One more thing he brings to the table is his gun. Holmes doesn’t seem to remember he owns one, and is all the time telling Watson to get his. Come on, man, you’re a detective. You may be an expert at judo, baritsu, and boxing, but if that’s as handy as you act like it is, then you wouldn’t have to borrow your roomie’s gun all the time. To be fair, the only use Holmes ever put his gun to was shooting a “V.R.” into the wall of the apartment in an oddly violent show of patriotism.

WHERE’S THE RESPECT?: Slowly increasing. For a long time, Watson was looked at as a fat idiot that followed Holmes around for god knows what reason. I don’t think it’s fair to blame any one person for this, but let’s go ahead and blame Nigel Bruce. Nigel Bruce was a comic character actor who played Watson opposite Basil Rathbone’s Holmes in a dozen or so movies and a couple hundred radio shows. The producers of these entertainments seemed to think that audiences would be uninterested in the adventures of two capable, intelligent people, and figured that since Holmes is so smart, Watson must be so stupid. Bruce’s Watson was a bumbling oaf who was so bad at deduction he needed Holmes to tell him what his breakfast was half the time.

“An egg? Why Holmes old boy, what makes you say that?”

“Elementary, my dear Watson, it’s round and white, with a squishy yellow bit.”

“Brilliant, Holmes, just brilliant!”

He probably had time to work cases with Holmes because he had scared off any patients he hadn’t poisoned or mutilated.

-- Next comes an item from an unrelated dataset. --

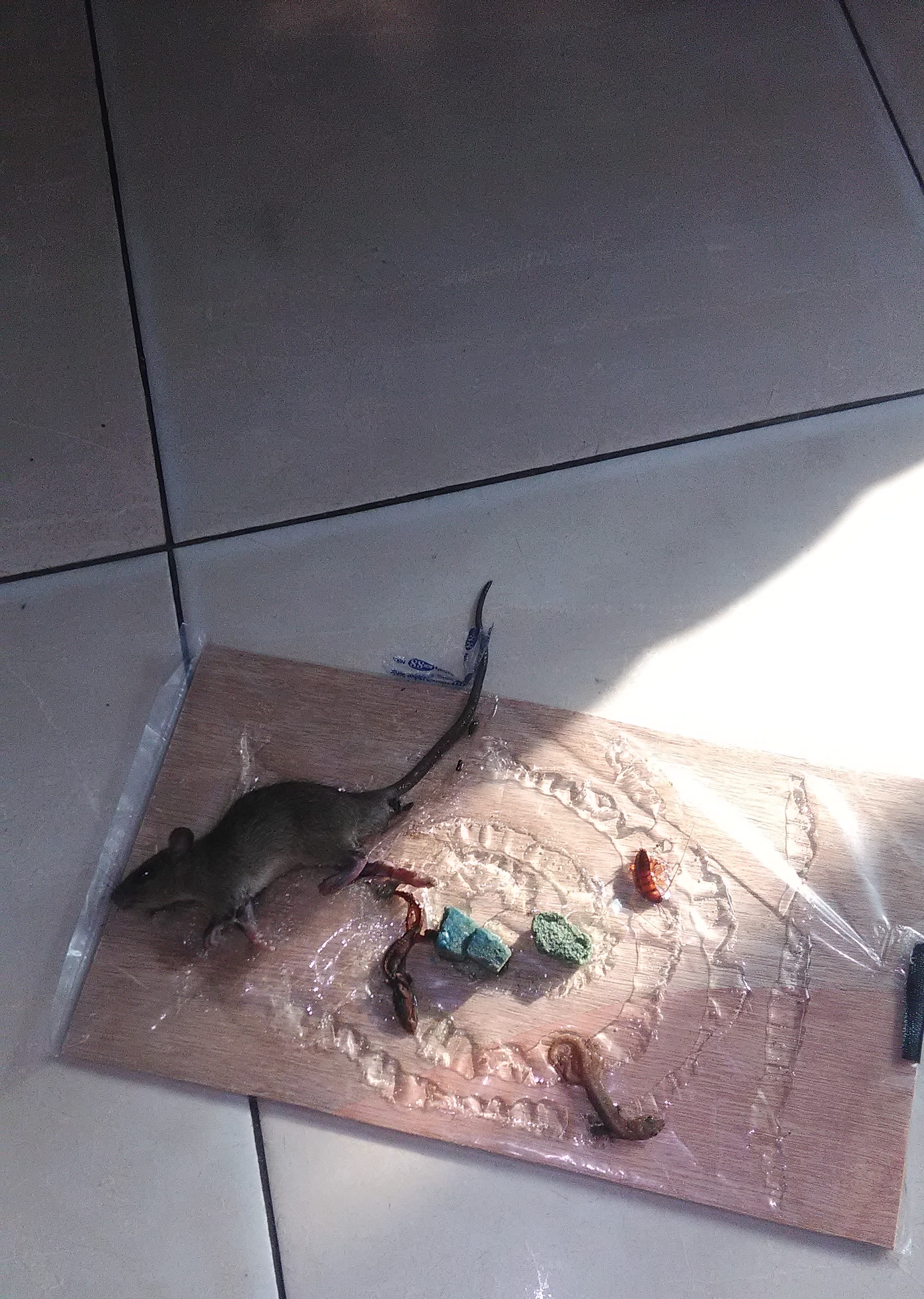 Tanda-tanda keberadaan tikus dapat dilihat dari kotoran dan bau kencingnya, bekas lubang dan keratannya, pengrusakan kemasan pada makanan.
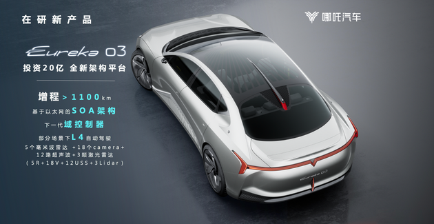 基于Eureka 03概念车打造的量产车型,也将在2021年上海车展亮相。Eureka 03量产车基于哪吒汽车投资20亿元的全新架构平台打造,其增程里程超过1100km。Eureka 03量产车将配备3颗激光雷达、5颗毫米波雷达、12路超声波、18个摄像头,在下一代域控制器基础上,Eureka 03量产车在部分场景下将实现L4自动驾驶。并且,基于以太网的SOA架构,Eureka 03量产车将会持续进化,实现车辆全生命周期OTA软件升级及功能多样化,满足不同消费者不同时期的个性化需求。

This Watson stayed prominent in the minds of the public for some time, and any version that put him on Holmes’ level was a deconstruction, a la the 1988 film Without a Clue, where the genius Watson (played by Ben Kingsley) hired a bumbling actor (played by Michael Caine) to be his front man, or Nicholas Meyer’s The Seven Per-Cent Solution, where Holmes (played by Nicol Williamson) was depicted as a drug-addled lunatic who made up Moriarity because his math teacher had sex with his mother, with Watson (played by… Robert Duvall? Huh.) running around cleaning up his messes. But little by little, the love started coming in. The most prominent example was the BBC series The Adventures of Sherlock Holmes, whose producers were well aware that Holmes, being a serious-minded fellow, would want a partner who could find his ass with both hands, a map, a flashlight, and an electrified ass-finder.

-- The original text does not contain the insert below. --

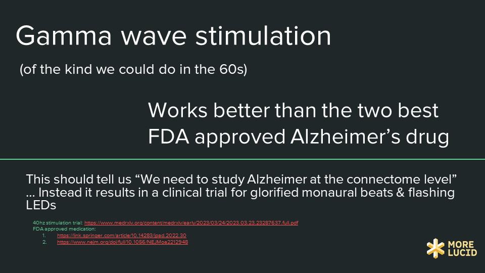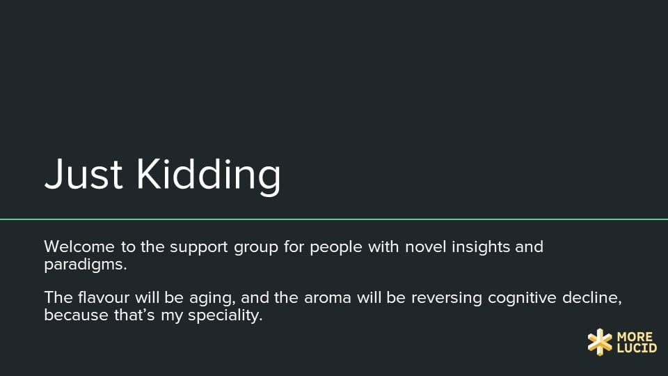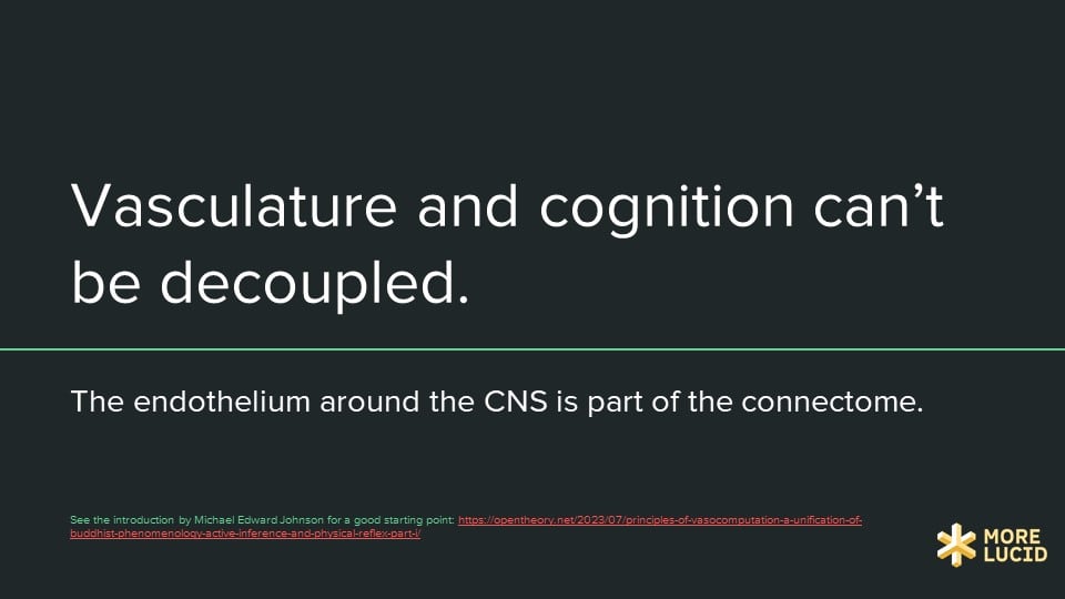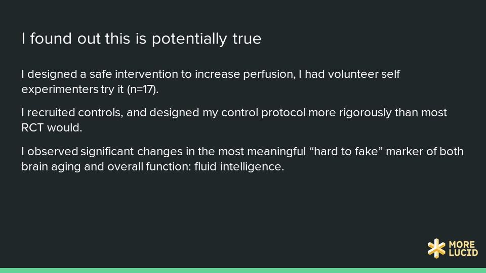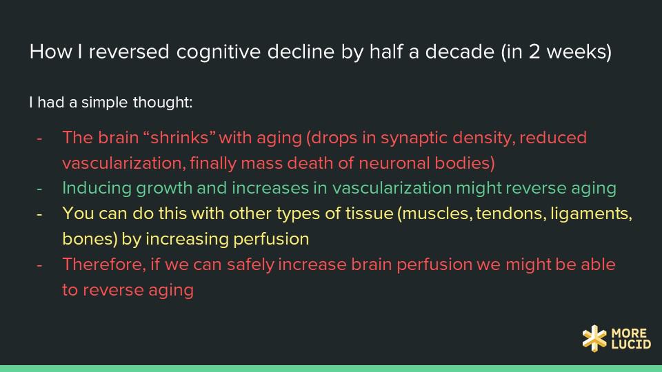 I will briefly cover my own experiments and what they revealed about “low-hanging fruit” in the realm of solving cognitive decline, as well as the blockers that I faced trying to work outside of a molecular biology paradigm (or a medical paradigm) and instead look at a new layer: vasculature as the system of control.

And most subsequent versions have held to this. The sci-fi cartoon series “Sherlock Holmes in the 22nd Century” held Watson so vital to Holmes that the police that cloned him gave him a robo-Watson. (I have seen one episode of this show. It was an adaptation of “The Man With the Twisted Lip”, and it was better than it had any right to be.) In the upcoming BBC pilot “Sherlock”, a modern-day adaptation, Watson will be played by Martin Freeman, who though schlubby and goofy, is also eminently likable. (Holmes is being played by a guy called Benedict Cumberbatch. How awesome is that?)


On top of all that, Guy Ritchie is releasing a Sherlock Holmes movie this year, and I’m sure that Watson will be…





















Oh, come on. There’s respecting a classic character, and then there’s just overcompensating.